[Stored items from a collection]
____

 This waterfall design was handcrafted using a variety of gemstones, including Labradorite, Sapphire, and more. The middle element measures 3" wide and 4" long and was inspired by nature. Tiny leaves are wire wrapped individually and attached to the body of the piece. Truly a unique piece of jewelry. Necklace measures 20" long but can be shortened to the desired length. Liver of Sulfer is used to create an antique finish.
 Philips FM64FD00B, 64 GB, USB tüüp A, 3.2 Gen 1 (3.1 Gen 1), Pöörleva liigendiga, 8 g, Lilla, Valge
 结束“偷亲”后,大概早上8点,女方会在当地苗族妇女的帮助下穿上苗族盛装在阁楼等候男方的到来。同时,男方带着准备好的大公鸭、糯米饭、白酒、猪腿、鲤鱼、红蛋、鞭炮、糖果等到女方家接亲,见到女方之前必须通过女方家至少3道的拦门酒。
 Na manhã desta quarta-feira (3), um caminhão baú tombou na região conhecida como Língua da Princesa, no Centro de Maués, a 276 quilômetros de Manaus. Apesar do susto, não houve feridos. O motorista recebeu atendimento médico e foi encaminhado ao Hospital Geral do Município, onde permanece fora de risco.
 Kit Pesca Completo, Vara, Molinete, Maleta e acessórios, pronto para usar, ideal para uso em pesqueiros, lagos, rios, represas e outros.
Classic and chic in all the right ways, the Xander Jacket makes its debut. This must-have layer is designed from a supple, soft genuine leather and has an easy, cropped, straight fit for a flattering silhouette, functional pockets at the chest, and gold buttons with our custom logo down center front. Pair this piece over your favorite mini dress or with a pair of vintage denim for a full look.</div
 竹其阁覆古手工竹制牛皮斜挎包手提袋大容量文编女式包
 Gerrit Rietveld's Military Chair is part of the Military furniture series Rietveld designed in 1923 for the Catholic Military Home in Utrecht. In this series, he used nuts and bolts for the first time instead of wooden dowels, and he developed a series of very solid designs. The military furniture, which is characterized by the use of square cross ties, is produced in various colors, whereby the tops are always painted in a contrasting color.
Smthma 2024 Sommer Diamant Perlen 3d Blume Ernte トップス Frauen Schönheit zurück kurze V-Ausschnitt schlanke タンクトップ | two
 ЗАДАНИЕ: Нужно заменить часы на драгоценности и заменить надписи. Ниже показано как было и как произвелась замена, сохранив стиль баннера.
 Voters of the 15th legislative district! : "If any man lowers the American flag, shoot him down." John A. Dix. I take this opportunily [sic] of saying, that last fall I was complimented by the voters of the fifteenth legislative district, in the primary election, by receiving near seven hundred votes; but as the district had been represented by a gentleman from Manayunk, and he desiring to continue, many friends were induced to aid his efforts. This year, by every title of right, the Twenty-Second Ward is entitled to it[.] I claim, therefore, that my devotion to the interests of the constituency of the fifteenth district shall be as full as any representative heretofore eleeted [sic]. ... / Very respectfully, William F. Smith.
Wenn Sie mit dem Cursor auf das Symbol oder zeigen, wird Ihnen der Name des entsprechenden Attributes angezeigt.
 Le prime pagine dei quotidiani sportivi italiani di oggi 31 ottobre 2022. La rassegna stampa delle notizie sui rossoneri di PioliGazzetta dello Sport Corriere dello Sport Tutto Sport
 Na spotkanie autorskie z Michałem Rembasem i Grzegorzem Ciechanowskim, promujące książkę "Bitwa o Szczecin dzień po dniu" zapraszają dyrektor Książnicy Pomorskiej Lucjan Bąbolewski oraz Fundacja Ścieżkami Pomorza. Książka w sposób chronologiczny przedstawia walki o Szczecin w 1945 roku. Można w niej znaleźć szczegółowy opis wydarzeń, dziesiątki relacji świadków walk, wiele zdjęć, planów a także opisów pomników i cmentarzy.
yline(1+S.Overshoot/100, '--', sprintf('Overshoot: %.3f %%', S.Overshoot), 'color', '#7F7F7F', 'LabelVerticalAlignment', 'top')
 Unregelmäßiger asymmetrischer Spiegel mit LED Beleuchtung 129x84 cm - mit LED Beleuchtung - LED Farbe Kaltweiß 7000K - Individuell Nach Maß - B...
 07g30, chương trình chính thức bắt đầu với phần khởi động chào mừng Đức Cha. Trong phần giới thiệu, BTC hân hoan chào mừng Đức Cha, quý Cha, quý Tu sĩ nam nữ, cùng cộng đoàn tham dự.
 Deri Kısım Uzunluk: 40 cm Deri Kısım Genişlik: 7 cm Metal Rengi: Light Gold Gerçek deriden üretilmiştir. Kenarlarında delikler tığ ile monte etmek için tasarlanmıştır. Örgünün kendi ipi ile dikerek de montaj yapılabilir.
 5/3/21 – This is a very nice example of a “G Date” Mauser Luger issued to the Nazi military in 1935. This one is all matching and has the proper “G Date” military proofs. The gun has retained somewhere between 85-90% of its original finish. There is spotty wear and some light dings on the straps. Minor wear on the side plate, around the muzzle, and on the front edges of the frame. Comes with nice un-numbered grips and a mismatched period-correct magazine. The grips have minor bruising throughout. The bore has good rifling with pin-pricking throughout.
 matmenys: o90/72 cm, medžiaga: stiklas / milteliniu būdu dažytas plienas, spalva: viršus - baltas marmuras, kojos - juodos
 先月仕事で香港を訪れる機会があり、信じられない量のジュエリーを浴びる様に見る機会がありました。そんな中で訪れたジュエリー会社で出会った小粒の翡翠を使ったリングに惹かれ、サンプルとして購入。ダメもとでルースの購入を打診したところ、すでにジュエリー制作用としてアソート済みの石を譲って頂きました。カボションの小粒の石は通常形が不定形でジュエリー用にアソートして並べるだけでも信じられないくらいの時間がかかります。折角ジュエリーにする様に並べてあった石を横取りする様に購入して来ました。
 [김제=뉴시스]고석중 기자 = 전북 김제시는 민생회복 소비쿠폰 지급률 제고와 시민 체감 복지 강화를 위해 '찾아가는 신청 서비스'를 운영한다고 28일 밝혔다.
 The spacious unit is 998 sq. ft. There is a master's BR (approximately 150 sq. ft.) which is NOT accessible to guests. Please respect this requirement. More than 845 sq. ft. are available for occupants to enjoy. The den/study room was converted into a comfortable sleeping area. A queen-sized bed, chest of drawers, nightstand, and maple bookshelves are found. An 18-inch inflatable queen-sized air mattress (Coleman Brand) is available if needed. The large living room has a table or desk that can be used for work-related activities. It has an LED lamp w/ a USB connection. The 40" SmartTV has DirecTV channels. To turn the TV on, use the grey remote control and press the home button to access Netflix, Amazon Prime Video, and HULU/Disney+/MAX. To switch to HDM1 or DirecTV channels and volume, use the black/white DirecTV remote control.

____

Every line holding the string "finish" should be copied here, so please find those lines in the data.

 This waterfall design was handcrafted using a variety of gemstones, including Labradorite, Sapphire, and more. The middle element measures 3" wide and 4" long and was inspired by nature. Tiny leaves are wire wrapped individually and attached to the body of the piece. Truly a unique piece of jewelry. Necklace measures 20" long but can be shortened to the desired length. Liver of Sulfer is used to create an antique finish.
 5/3/21 – This is a very nice example of a “G Date” Mauser Luger issued to the Nazi military in 1935. This one is all matching and has the proper “G Date” military proofs. The gun has retained somewhere between 85-90% of its original finish. There is spotty wear and some light dings on the straps. Minor wear on the side plate, around the muzzle, and on the front edges of the frame. Comes with nice un-numbered grips and a mismatched period-correct magazine. The grips have minor bruising throughout. The bore has good rifling with pin-pricking throughout.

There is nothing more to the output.